More recently, however, several factors have led the Justice Department to become more cautious in prosecuting bankers. These include a Supreme Court ruling overturning the Arthur Andersen convictions, the ever-changing door of Justice Department lawyers turning to no-fear law firms, and more and more prosecutors fearing litigation to lose. (The latter are part of the “chickenshit club,” according to former U.S. Attorney James Comey, who inspired the title of Eisinger’s book.)

Too early to tell

Although the DOJ did not announce any charges against TD executives as part of the settlement, the investigation is still ongoing. “It is premature to make judgments about the TD Bank case and individual prosecutions,” said Jay Shapiro, a Middlebury professor and former New York City prosecutor Assets by email.
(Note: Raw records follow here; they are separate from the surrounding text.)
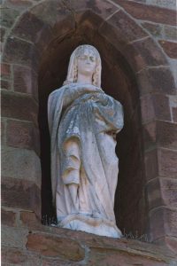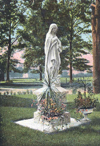 This postcard, of approximately the same vintage (c.1906), shows a statue of the Blessed Virgin on a familiar pedestal. Apparently the statue of the Blessed Virgin was on the pedestal in front of the Chapel for a while before the 1906 renovations. It was then moved to the niche. Are we sure it is the same statue? A photograph of the statue today confirms this supposition.
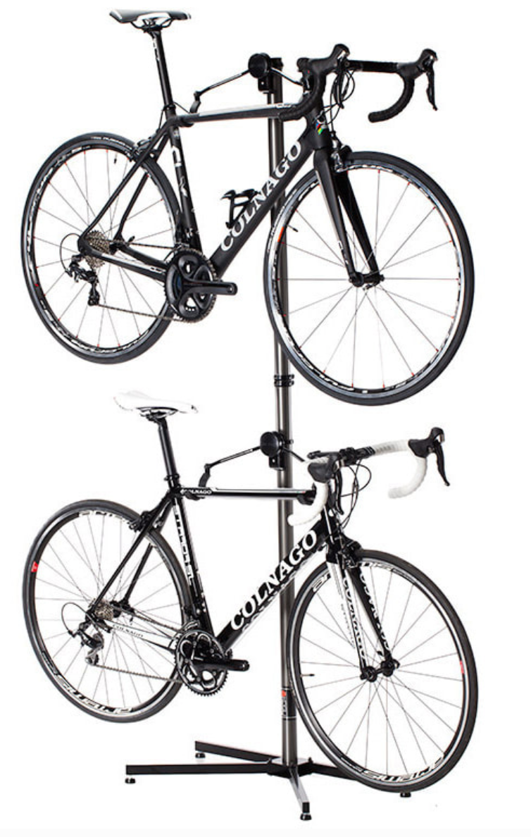 - Estante independiente seguro y estable de 2m de altura para sostener dos bicicletas horizontalmente.
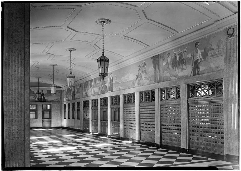 Post Office Building. Flushing, Long Island, [Queens]. Alcove and lobby end.
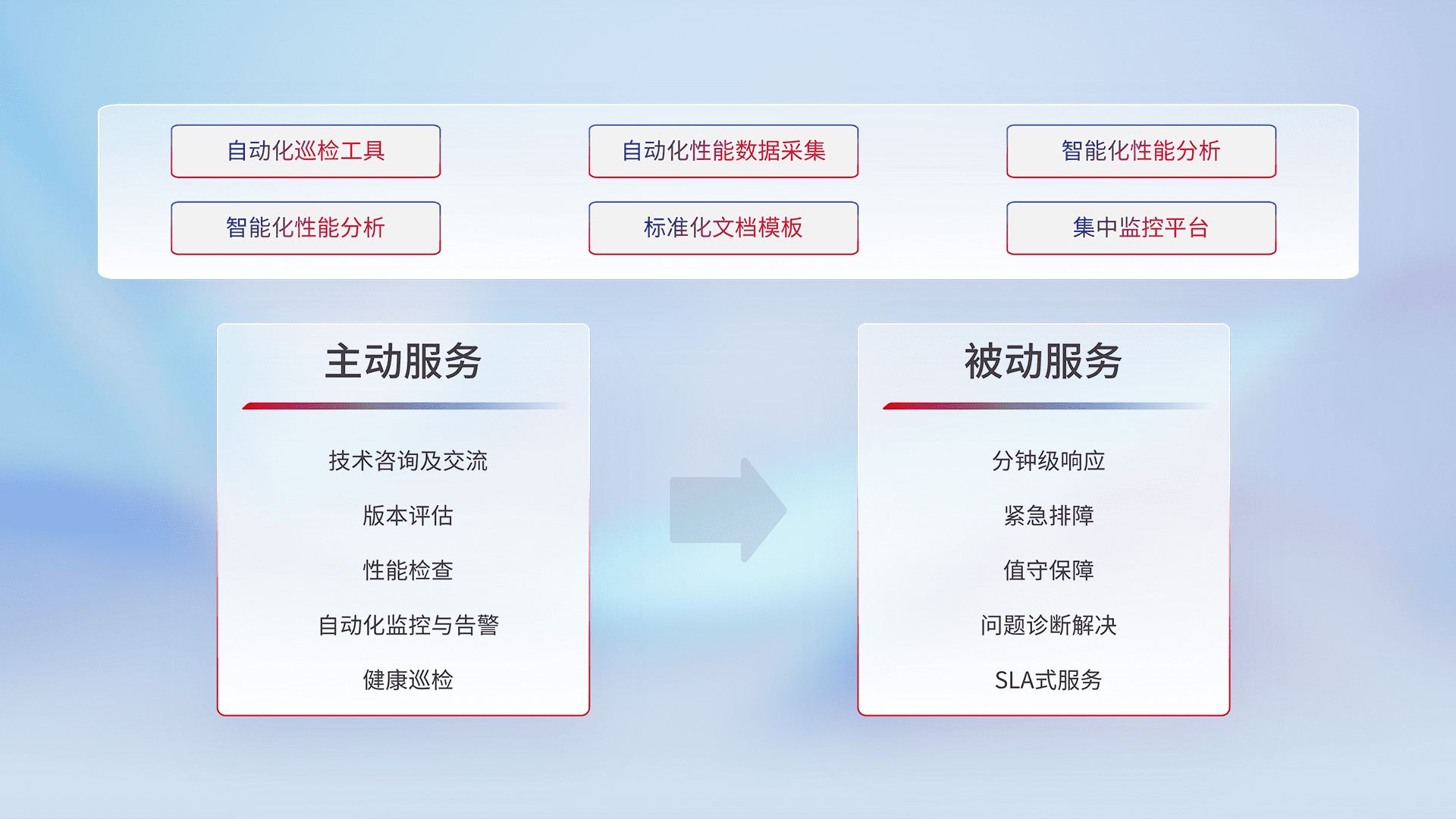 智能化工具和标准化文档,,,保障服务质量,,,提供主动服务(包含技术咨询、、版本评估、、性能检查、、自动化监控与告警、、健康巡检)和被动服务包含(分钟级响应、、、紧急排障、、值守保障、、、问题诊断解决、、、、SLA服务)。。。
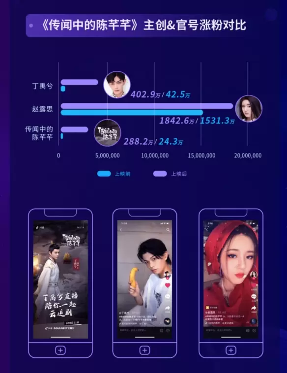 而小众爆款《传闻中的陈芊芊》也在抖音的助推下成功“破圈”。剧播期间,剧方在抖音官方发起#水果变身挑战、#韩烁挑眉杀、#赵露思红衣造型cos 等结合剧情的话题挑战赛,主演赵露思、丁禹兮也配合释放大量独家物料。数据显示,播出期间,赵露思粉丝量从剧播前的1531.3万涨至1842.6万,丁禹兮的粉丝量从42.5万涨至402.9万。

According to a 2022 speech by Assistant Attorney General Lisa O. Monaco, the DOJ may also move to a tougher approach to individual accountability and corporate responsibility under the Biden administration.

In a speech at NYU Law School, Monaco highlighted recent trial victories, including those against Theranos founder Elizabeth Holmes, JP Morgan traders on commodity manipulation charges and a Goldman Sachs executive on bribery charges. A year later, of course, came the conviction of FTX founder and CEO Sam Bankman-Fried, even though, like Zhao, he also operated outside the boundaries of traditional finance.

“We need to do more and move faster,” she said, arguing that the DOJ’s priority is to complete investigations and file criminal charges against individuals while pursuing a resolution against a company. If that’s not possible, she said, prosecutors would try to outline remaining work on individual cases as well as a timeline. Shapiro argued that the TD agreement was consistent with Monaco’s comments.

“Our criminal investigations into individual employees at all levels of TD Bank are active and ongoing,” Garland said in his announcement of the charges. “No one involved in TD Bank’s illegal conduct will be barred from entry.”

It remains to be seen whether the DOJ will change its track record in prosecuting bank executives.